Amorphous sugars form a glassy matrix under far from equilibrium conditions (i.e., supercooling or supersaturation) [13]. For instance, sugar glass is obtained by cooling the sugar melt to temperatures far below the melting point (Tm) [1] or by greatly concentrating the sugar solution (i.e., aqueous sugar solution) by evaporation, or by freezing the solvent [2, 3]. The glassy sugar matrix restricts the mobility of incorporated biological molecules and the diffusion of active chemicals, effectively preventing the aggregation and gelation of the biological molecules. Understanding the features of such “sugar glasses,” which are already greatly exploited in the food, biology, biochemistry, and pharmaceutical industries [410], is pivotal to further development of those diverse fields. Among the numerous sugar compounds, nonreduced oligosaccharides trehalose (Tre) and sucrose (Suc) are generally accepted as representative stabilizers of biopharmaceutical materials. The structures of these sugars are depicted in Figure 1a and b, respectively.

Figure 1.

Molecular structures of two natural sugars: sucrose (Suc) (a) and trehalose (Tre) (b).

The specific heat and coefficient of expansion of a sugar melt abruptly change across the glass transition [1]. In the glassy state, both values are much closer to the crystalline values than the liquid-state values.
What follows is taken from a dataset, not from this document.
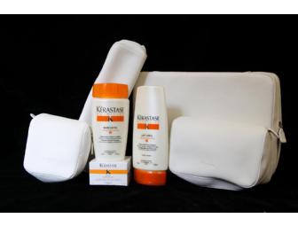 Kérastase products are continually nominated and awarded the most prestigious honors in the industry. This is your opportunity to try them for yourself. Four signature Kerastase travel totes hold Kerastase Bain Satin, Nacre Nutri-Sculpt, Lait Vital, comb.

The glass transitions of bulk sugar-water mixtures at various concentrations are commonly studied by differential scanning calorimetry (DSC), which detects the glass transition as a change in heat capacity. However, DSC thermograms often contain a problematic overshoot peak caused by a macroscopic dynamic process accompanying structural relaxation at the glass transition, which largely depends on the thermal history of the sample [11]. The temperature dependence of the dynamical behavior of amorphous sugar has been widely studied from a thermodynamic perspective [12].
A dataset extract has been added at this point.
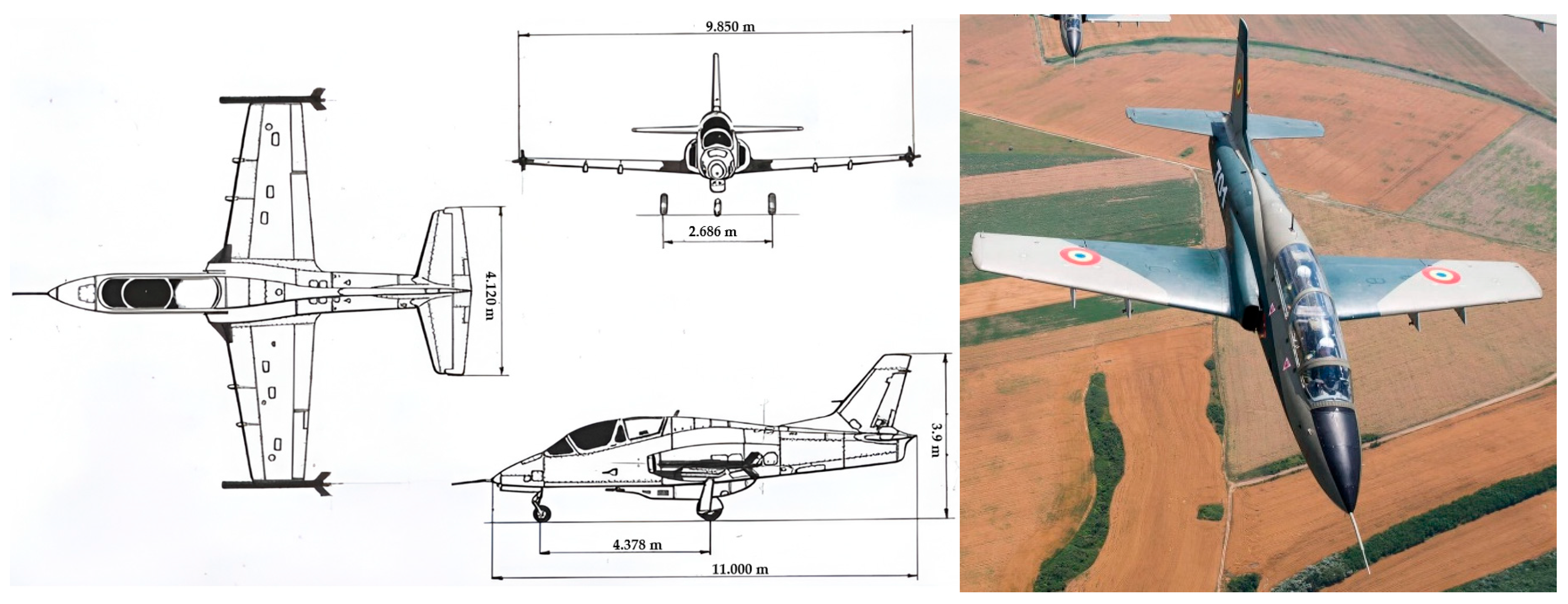 The baseline variant is powered by a Rolls-Royce Viper 632-41 turbojet, providing maximum thrust of around 18 kN at ISA sea level conditions and enabling speeds of approximately 850–865 km/h with a service ceiling of about 12,900 m. Through modernization programs, remotorized versions (e.g., with the Viper 680-43) demonstrated improved performance, including higher climb rates, increased range (up to 1590 km), and reduced take-off and landing distances. A detailed description can be found in Refs. [30,31].

On the other hand, the preparation dependence of the physical properties of amorphous sugar has also received much attention [1315]. Surana et al. reported that together with aging, the preparation methods (i.e., freeze-drying, spray-drying, dehydration, and melt quenching) largely affect the glass transition temperature (Tg), the enthalpy relaxation behavior, the crystallization behavior, and the water sorption behavior of amorphous trehalose [13, 14]. They also mentioned that water vapor sorption could remove the structural history effects of the amorphous trehalose matrix formed by the dehydration method. More recently, Saxena et al. reported pronounced differences among the water sorption behaviors of amorphous trehalose prepared by different methods (annealing reversal, water sorption-desorption, and heating above Tg) [15]. These results strongly indicate that the properties of amorphous sugar materials are sensitive to water sorption and desorption. The importance of these findings in the pharmaceutical field cannot be overstated.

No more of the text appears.